What do dentists say? – patients contract HIV after receiving ‘vampire facials’

Patients contract HIV after receiving 'vampire facials'

Dentists with a special interest in facial aesthetics have spoken out following the news that multiple patients contracted HIV after ‘vampire facial’ treatments.

A report by the Centers for Disease Control and Prevention (CDC) has revealed that at least three women contracted HIV after receiving ‘vampire facials’ at a spa in New Mexico. Vampire facials, also known as platelet-rich plasma (PRP) therapy, increased in popularity after Kim Kardashian revealed that she had undergone the treatment. The process involves drawing the patient’s blood, withdrawing plasma in a centrifuge and injecting it into their face.

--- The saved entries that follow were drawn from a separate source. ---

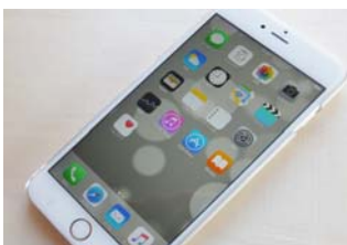
子供が寝ている母親の指でスマホのロックを解除し、おもちゃを購入したという出来事もあります。

今や携帯のロック解除にも利用される指紋認証。指紋は本人しか持ち得ないものなので、セキュリティ対策としての安全性は高いと思うのは当たり前です。なんとこの指紋認証が破られてしまう可能性があるのです。しかもSNS上に投稿した写真から・・・カメラを向けられて「はい、チーズ！」と言われたら、あなたはどんなポーズをとりますか？とりあえずにっこり笑ってピースサインですよ。その写した写真
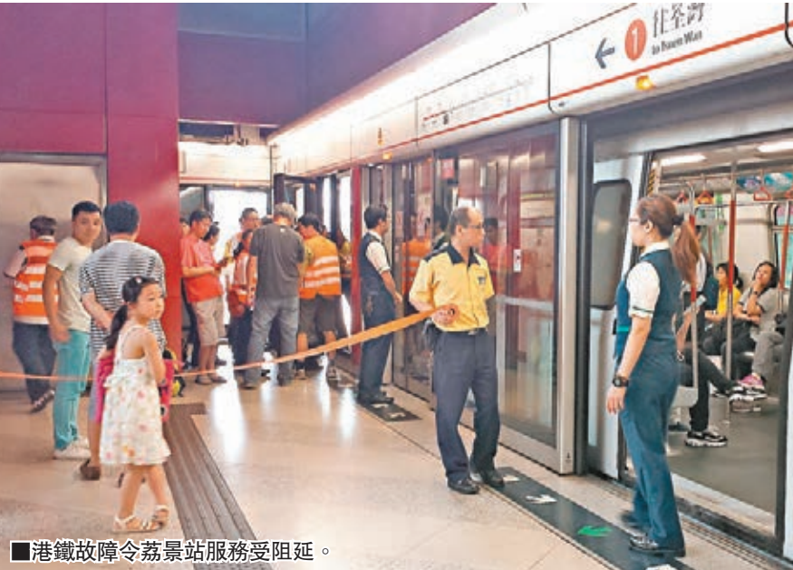
■港鐵故障令荔景站服務受阻延。
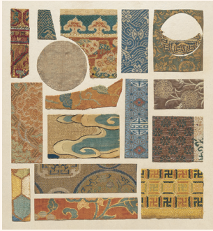
《名物裂集古鑑》(部分) 江戸時代
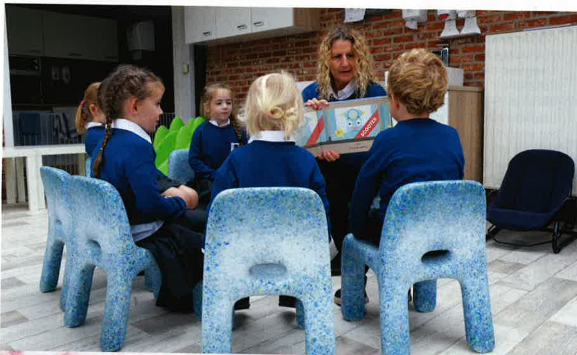
De Charliestoeltjes van ecoBirdy worden volop in de klasjes van de MondoMioschool gebruikt.
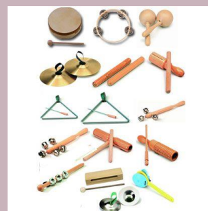
Instrumentos de Altura Indeterminada

In 2018, the CDC became aware of a woman who had tested positive for HIV despite no intravenous drug use, blood transfusions or sexual contact with an infected person. Her only needle usage was a PRP treatment at the New Mexico spa. This prompted a CDC investigation which revealed the spa was unlicensed and used ‘multiple unsafe infection control practices’.

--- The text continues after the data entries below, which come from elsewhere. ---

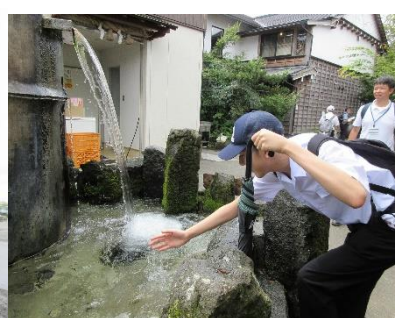
熊本と言えば湧水
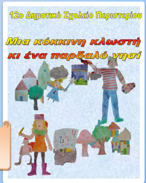
12ο Δημοτικό Σχολείο Περιστερίου

Το βιβλίο της Γ 1 τάξης Οι μπερδεμένες ιστορίες
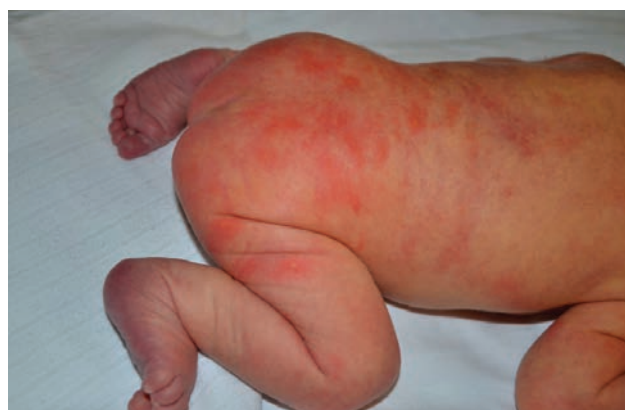
4. ábra Kiterjedt erythema toxicum neonatorum

Az átmeneti, benignus jelenségek közül a leggyakoribb, illetve talán a legismertebb az ETN (4. ábra). A jellegzetes, haragos-vörös udvarral körülvett, néhány milliméteres papulák és pustulák általában lokalizáltan fordulnak elő, ritkábban azonban a testfelszín szinte teljes egészét is érinthetik. A TNPM-t egyes szerzők az ETN variánsának tekintik, néhány különbséget azonban fontos megjegyezni. A TNPM előfordulási gyakorisága magasabb a sötétebb bőrű újszülöttek körében. Az ETN esetén a születést követően 24-48 óra múlva észlelhetjük leggyakrabban a tüneteket, lefolyásuk pedig néhány napon át hullámzó jelleget mutat. A TNPM jellegzetesen három fázisban nyilvánul meg. Első lépésként néhány mm-es szuperficiális, intra- vagy subcornealis vesiculák, vesiculopustulák alakulnak ki, főként az arc, nyak, hát és a lábszárak területén. A második fázisban a pustulák helyén finom elemű, gallérszerű hámlás, majd ezt követően hyperpigmentált maculák jelennek meg. Mind az ETN, mind a TNPM esetén fontos a szülők megnyugtatója a jelenség benignus kimenetelét illetően.
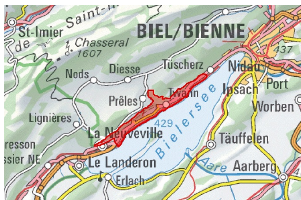
BLN 1001 Linkes Bielerseeufer
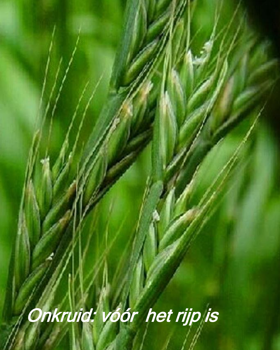
Onkruid: vóór het rijp is
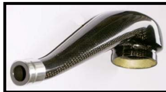
Fig : N° 2 vue trois quart arrière
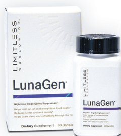
LunaGen™ 60 capsules
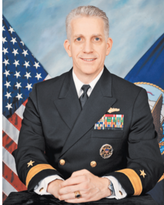
Адмирал Брюс Лавлесс поплатился за тягу к красивой жизни.

Это предательство ВМС США в эпическом масштабе, — считает исполняющая обязанности про-
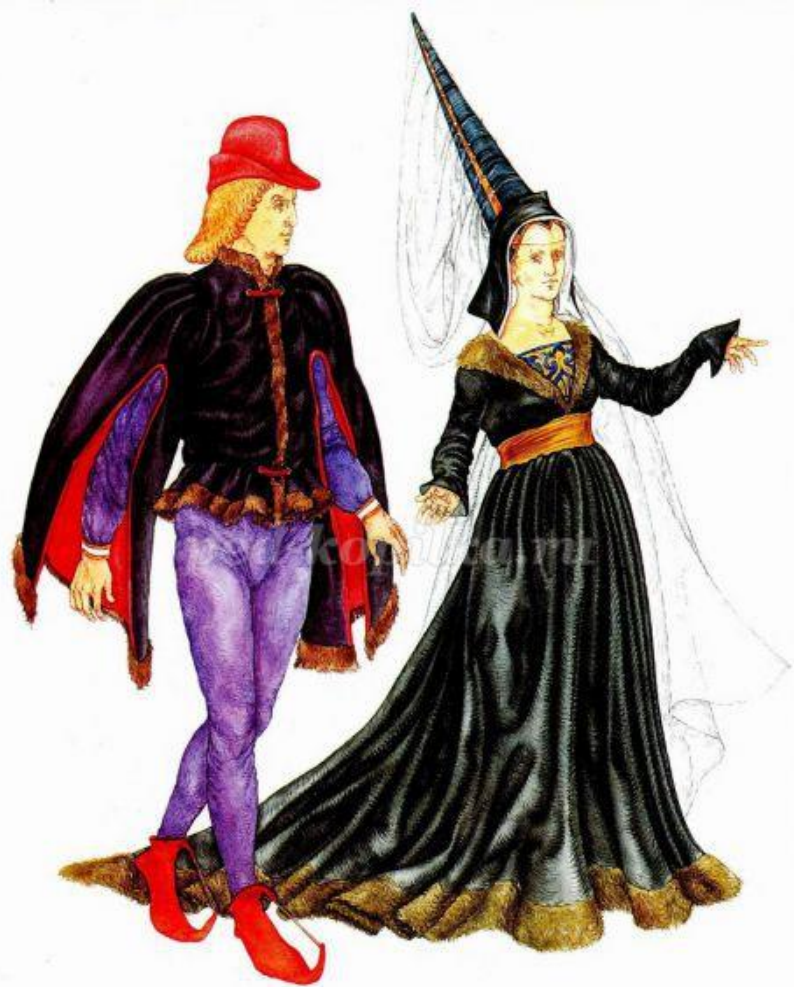
Пурпур, китайские шелка и обувь с длинными носками

Hazards in the spa included ‘unlabelled tubes of blood and medical injectables’ stored in a fridge alongside food and ‘unwrapped syringes’ throughout the premises. No autoclave was found at the site and disposable equipment was being cleaned with alcohol and reused.

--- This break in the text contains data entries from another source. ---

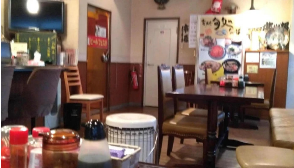
和食亭 こだま 口コミ
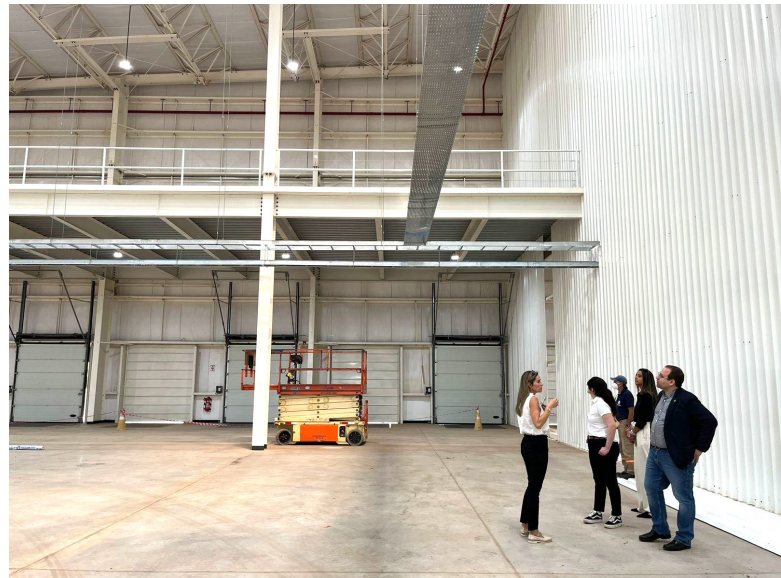
Reconocimiento de una de las naves de producción que ocupará DIPRO en el Parque Industrial Guarambaré
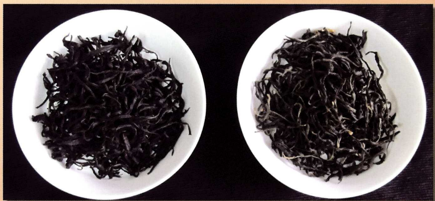
茶葉外觀 (左為臺茶18號，右為臺茶7號)

等到Shan茶種廣為大眾所喜愛，嚮往茶葉知識的人想跟東邦紅茶一樣追隨先人腳步溯源時，就會突然發現，到底臺灣的Shan茶種是屬於泰國清邁最北端之高山叢林的茶樹，還是在中國、寮國、泰國及緬甸交界的金三角地帶，有待考查。而且究竟是泰國Shan茶種、或緬甸的Burma種之一個支系，抑或是中國雲南大葉種之一，就此展開茶樹種原尋根的探討，那臺灣Shan茶種的故事續篇就更有趣了。

With facial aesthetics becoming an increasingly popular offering in dental practices, we heard from two dentists with expertise in aesthetics about this case.

Sally Rayment, prosthodontist and owner of facial aesthetics clinic

While this story is utterly horrifying, I would not expect any registered medical professional (doctor, dentist or registered general nurse) carrying out aesthetic treatments in the UK to practice in this manner.

The field of aesthetics in the UK is largely unregulated, however the registered individuals carrying out the procedures are highly trained in and skilled with cross-infection control protocols. 

As clinicians with medical backgrounds, we are, of course, comfortable talking to our patients about our procedures and protocols, and can allay their fears and concerns over any cross-infection risk, or use of any sub-standard products.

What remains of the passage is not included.